Countries in the region, Sweden and the Netherlands in particular, are also among the best countries for startups. Stockholm and Amsterdam consistently rank among the top tech startup hubs in Europe. Denmark, Finland, and Belgium follow close behind, scoring high in Startupblink’s global startup country ranking.
On paper, it looks like the perfect setup for AI-driven startup growth: high adoption, strong ecosystems, solid momentum. The problem? Lack of AI talent.
The gap shows up in the data. While 55% of Nordic organizations feel highly prepared for AI adoption in terms of infrastructure, only 14% say the same about their people. In the Netherlands, the Dutch AI Monitor reports that job openings in AI keep growing, but qualified candidates aren’t keeping pace. In Norway, the situation is even more threatening. Without serious upskilling, the country could fall five years behind in generative AI adoption, which could reduce its annual GDP potential from 9% to just 2%.
The demand for reskilling is massive, and there are long-term fixes in motion. EU-level initiatives like the 2025 AI Continent Action Plan, and national projects such as the Netherlands’ AI Plan aim to close the gap. But building AI capabilities takes years to build on a systemic level, and growing startups in Benelux and Nordics can’t wait that long for hiring to catch up. The market keeps moving, and so do competitors.
There is a way through this. But to get there, we first need to unpack what’s happening across the AI landscape in Benelux and the Nordics.
AI has the biggest impact where decisions are complex and data-heavy – think finance, logistics, energy, healthcare, or manufacturing. Outcomes depend on interpreting large datasets and acting fast, and AI enables quicker decisions, better predictions, and less manual work.
The Nordics and Benelux invested early and used their existing advantages to build an AI-friendly ecosystem for startups and growing companies. Regulations make room for testing, infrastructure can handle data-heavy workloads, and talent moves across industries.
As a result, many startups are AI-first from day one. It shapes how they build products and run their business, whether it’s a SaaS tool with real-time insights or an industrial platform that predicts equipment failures before they happen.
What does that look like in practice?
These companies operate in very different industries, but the pattern is the same: AI defines the startup landscape across the regions, in several ways.
Growing companies across the Nordics and Benelux take advantage of AI to automate tasks from customer support to reporting. Work that used to eat hours now happens in minutes.
For instance, the Swedish startup Sana uses AI to help companies search internal knowledge, automate workflows, and improve team productivity through enterprise AI assistants.
The result is bigger than productivity gains alone: it’s less time spent managing information and more time left for making decisions.
AI models can identify patterns long before humans notice them, whether that’s customer churn, demand spikes, operational bottlenecks, or supply chain risks.

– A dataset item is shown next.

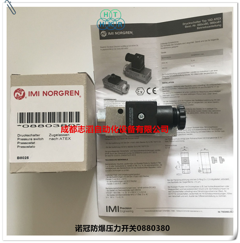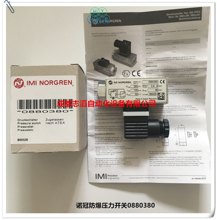 0880380英國(guó)諾冠iminorgren防爆壓力開(kāi)關(guān)技術(shù)參數(shù):工作壓力范圍0.5-8bar、切換壓差0.25-0.65bar、承受壓力80bar、切換時(shí)間100、壓力開(kāi)關(guān)材料鋁、密封件fkm/ms、接口尺寸g1/4、重量0.2kg!

Businesses like the Dutch grocery delivery company Picnic applies AI heavily in demand forecasting and supply chain optimization to manage inventory and shipping operations more efficiently.
AI-driven predictions matter particularly in fast-moving markets like Benelux and the Nordics, where timing directly affects revenue and margins.
Similar to automation, growing businesses use AI-powered image recognition to speed up tasks that once required constant human inspection.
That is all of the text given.